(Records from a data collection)
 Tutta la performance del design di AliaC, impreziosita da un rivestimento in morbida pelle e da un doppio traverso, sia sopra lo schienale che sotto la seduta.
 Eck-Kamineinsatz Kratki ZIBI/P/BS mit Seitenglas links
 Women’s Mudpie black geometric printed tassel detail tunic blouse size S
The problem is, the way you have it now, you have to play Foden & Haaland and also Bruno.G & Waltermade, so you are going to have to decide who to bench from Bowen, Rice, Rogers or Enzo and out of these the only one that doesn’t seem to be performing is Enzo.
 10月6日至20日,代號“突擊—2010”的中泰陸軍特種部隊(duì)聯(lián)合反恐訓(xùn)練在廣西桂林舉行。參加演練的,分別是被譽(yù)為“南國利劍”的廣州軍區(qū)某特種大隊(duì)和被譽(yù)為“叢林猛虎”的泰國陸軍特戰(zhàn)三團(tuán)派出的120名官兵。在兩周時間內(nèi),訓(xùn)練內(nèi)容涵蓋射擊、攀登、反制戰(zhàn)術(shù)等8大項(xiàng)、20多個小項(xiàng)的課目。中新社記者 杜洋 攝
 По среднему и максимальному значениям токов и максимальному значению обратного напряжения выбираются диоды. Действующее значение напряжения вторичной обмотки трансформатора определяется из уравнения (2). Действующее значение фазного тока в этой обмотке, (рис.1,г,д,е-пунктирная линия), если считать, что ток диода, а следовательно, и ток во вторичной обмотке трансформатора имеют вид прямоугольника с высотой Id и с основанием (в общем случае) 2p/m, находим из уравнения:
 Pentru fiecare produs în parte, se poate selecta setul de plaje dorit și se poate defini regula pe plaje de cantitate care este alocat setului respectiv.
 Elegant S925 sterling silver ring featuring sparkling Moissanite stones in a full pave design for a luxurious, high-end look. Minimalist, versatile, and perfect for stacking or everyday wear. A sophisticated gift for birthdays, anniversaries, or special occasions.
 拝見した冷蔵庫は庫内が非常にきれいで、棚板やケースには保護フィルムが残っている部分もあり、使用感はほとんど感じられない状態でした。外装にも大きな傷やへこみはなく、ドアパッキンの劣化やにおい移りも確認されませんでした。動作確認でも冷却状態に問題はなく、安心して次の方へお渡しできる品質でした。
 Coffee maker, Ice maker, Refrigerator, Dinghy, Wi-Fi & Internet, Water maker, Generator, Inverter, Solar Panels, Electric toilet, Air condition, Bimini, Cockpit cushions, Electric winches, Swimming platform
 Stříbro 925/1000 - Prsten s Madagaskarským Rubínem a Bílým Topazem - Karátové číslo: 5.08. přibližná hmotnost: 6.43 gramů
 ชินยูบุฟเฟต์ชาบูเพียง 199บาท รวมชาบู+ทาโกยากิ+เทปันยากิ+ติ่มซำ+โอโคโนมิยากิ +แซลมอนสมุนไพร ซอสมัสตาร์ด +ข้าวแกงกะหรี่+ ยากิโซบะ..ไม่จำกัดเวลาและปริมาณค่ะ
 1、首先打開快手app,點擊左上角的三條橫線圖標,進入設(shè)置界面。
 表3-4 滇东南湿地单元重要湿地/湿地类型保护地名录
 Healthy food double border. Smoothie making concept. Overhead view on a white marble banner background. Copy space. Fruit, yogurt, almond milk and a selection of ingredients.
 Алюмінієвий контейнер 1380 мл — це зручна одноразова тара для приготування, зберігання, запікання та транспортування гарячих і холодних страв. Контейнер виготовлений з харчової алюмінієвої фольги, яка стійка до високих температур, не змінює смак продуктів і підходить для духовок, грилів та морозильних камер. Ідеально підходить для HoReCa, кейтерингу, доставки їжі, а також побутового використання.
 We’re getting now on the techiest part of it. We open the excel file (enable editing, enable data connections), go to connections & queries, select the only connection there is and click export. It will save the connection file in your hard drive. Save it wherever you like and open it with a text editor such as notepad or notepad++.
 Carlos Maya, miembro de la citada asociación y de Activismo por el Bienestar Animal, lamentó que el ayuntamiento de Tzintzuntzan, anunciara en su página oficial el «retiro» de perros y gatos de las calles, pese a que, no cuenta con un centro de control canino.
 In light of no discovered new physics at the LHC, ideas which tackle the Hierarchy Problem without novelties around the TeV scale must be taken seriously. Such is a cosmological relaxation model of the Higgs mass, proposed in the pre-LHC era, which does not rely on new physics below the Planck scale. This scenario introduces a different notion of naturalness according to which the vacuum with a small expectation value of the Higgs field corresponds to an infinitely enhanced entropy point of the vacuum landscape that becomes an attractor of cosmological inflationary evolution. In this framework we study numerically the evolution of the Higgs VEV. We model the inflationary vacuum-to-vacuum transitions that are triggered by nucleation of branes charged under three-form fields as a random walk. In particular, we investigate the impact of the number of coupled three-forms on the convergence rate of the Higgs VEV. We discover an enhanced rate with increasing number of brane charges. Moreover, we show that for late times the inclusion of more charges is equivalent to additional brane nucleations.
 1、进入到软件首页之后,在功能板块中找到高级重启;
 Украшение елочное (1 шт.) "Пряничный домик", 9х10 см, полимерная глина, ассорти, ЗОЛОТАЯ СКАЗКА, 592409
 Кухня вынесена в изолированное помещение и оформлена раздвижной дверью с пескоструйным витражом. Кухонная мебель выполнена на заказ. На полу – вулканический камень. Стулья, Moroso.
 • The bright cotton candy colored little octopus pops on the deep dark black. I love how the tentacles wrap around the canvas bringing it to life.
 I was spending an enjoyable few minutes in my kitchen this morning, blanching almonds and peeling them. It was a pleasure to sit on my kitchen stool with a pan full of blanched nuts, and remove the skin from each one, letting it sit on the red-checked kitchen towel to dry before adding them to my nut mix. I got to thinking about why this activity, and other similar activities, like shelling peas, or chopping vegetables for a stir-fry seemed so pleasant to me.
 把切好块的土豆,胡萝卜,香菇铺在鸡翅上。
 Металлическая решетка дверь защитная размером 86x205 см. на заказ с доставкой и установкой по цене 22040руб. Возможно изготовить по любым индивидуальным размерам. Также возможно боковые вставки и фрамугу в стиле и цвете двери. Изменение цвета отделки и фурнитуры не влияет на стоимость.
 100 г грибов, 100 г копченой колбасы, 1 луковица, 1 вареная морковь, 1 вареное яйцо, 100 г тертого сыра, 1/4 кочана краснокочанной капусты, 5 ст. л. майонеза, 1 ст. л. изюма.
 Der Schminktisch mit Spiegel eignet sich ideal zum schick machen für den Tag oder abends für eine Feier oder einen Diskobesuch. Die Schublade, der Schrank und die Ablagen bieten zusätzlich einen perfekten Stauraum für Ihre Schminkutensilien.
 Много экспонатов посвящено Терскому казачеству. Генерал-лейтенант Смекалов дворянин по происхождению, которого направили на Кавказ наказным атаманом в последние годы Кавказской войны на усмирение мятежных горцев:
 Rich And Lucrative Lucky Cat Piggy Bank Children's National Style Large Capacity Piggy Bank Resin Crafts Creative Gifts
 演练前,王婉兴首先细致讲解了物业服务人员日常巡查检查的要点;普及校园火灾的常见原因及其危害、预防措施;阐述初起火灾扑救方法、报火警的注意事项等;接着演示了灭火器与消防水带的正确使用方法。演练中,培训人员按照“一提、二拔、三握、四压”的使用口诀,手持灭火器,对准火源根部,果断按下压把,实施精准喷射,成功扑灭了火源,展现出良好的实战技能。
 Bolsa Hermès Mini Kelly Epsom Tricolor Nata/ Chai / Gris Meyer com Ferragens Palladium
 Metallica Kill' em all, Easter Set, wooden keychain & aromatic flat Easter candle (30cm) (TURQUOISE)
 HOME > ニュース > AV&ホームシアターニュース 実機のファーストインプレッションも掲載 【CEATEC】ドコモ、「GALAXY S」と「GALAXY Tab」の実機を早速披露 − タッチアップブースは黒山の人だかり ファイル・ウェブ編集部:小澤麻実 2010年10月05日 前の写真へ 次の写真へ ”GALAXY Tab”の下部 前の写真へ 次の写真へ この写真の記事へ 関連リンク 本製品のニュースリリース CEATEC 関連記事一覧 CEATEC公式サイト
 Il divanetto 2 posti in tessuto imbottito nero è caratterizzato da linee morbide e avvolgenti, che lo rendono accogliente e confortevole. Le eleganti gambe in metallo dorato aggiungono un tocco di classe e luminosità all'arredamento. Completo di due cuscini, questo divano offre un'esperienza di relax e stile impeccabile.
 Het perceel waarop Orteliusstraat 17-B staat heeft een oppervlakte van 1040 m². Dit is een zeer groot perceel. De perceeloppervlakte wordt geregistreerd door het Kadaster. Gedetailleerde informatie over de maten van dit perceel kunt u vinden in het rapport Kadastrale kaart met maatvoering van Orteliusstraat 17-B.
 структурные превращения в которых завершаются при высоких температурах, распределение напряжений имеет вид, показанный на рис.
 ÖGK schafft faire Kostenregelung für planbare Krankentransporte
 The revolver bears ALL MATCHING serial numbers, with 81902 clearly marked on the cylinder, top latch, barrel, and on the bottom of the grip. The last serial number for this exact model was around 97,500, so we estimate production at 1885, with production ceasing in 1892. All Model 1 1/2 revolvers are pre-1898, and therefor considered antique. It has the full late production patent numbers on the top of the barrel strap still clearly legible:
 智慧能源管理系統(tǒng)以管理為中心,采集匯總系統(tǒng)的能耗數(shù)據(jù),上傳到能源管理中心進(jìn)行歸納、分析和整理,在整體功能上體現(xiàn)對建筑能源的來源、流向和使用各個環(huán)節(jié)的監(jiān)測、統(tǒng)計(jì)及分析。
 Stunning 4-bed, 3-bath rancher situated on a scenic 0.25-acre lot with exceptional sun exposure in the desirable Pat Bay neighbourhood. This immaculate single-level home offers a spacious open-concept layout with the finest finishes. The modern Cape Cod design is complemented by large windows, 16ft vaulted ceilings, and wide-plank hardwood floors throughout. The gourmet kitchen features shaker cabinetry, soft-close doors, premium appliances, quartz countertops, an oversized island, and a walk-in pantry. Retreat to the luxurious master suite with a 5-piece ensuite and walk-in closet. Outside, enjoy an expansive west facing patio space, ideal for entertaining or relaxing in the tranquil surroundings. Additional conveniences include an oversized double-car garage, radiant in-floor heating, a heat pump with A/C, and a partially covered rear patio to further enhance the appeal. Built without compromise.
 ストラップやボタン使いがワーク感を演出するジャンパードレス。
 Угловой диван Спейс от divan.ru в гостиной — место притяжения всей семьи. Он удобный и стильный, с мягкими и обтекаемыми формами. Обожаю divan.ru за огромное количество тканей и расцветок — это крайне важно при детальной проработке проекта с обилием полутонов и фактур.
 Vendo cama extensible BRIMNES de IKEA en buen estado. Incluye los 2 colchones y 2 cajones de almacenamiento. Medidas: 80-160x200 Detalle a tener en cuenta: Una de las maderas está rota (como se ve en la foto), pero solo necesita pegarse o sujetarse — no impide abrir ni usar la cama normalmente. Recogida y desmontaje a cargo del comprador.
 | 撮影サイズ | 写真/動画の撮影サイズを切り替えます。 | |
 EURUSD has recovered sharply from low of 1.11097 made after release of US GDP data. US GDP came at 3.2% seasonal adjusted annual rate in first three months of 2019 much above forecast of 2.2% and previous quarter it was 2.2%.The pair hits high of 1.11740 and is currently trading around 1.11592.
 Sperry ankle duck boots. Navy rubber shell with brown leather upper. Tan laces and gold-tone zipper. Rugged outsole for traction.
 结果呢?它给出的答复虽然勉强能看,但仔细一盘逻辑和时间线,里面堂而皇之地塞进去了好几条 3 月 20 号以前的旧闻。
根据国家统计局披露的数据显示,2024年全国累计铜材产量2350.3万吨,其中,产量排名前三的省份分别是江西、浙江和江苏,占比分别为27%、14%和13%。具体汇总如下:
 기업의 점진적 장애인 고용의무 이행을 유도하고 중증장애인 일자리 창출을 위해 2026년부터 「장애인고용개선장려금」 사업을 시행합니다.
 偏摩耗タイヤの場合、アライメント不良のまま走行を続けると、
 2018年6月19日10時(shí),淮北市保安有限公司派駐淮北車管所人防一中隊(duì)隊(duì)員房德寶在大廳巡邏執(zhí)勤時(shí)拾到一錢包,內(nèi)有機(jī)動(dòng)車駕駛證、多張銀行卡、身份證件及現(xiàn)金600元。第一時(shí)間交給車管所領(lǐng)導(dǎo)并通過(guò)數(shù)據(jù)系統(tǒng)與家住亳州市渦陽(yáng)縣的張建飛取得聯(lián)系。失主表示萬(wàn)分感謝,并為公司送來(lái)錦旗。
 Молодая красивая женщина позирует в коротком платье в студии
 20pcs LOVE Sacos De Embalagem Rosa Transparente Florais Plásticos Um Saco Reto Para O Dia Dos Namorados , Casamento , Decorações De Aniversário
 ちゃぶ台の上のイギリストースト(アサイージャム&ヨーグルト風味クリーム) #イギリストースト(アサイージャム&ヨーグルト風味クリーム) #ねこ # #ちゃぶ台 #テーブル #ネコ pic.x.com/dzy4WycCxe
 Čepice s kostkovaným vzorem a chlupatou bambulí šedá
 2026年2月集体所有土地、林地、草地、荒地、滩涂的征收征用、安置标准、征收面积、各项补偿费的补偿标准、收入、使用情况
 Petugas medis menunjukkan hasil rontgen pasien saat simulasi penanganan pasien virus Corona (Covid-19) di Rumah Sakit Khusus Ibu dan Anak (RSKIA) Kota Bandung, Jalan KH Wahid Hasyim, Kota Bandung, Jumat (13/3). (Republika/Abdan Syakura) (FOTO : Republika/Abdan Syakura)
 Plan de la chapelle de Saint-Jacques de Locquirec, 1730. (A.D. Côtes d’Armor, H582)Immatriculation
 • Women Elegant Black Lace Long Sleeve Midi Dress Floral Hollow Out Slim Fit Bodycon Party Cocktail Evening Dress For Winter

Task to complete: Retype only this range exactly: the first line of the data through the line where "The problem is, the" appears.

Result for this task:
 Tutta la performance del design di AliaC, impreziosita da un rivestimento in morbida pelle e da un doppio traverso, sia sopra lo schienale che sotto la seduta.
 Eck-Kamineinsatz Kratki ZIBI/P/BS mit Seitenglas links
 Women’s Mudpie black geometric printed tassel detail tunic blouse size S
The problem is, the way you have it now, you have to play Foden & Haaland and also Bruno.G & Waltermade, so you are going to have to decide who to bench from Bowen, Rice, Rogers or Enzo and out of these the only one that doesn’t seem to be performing is Enzo.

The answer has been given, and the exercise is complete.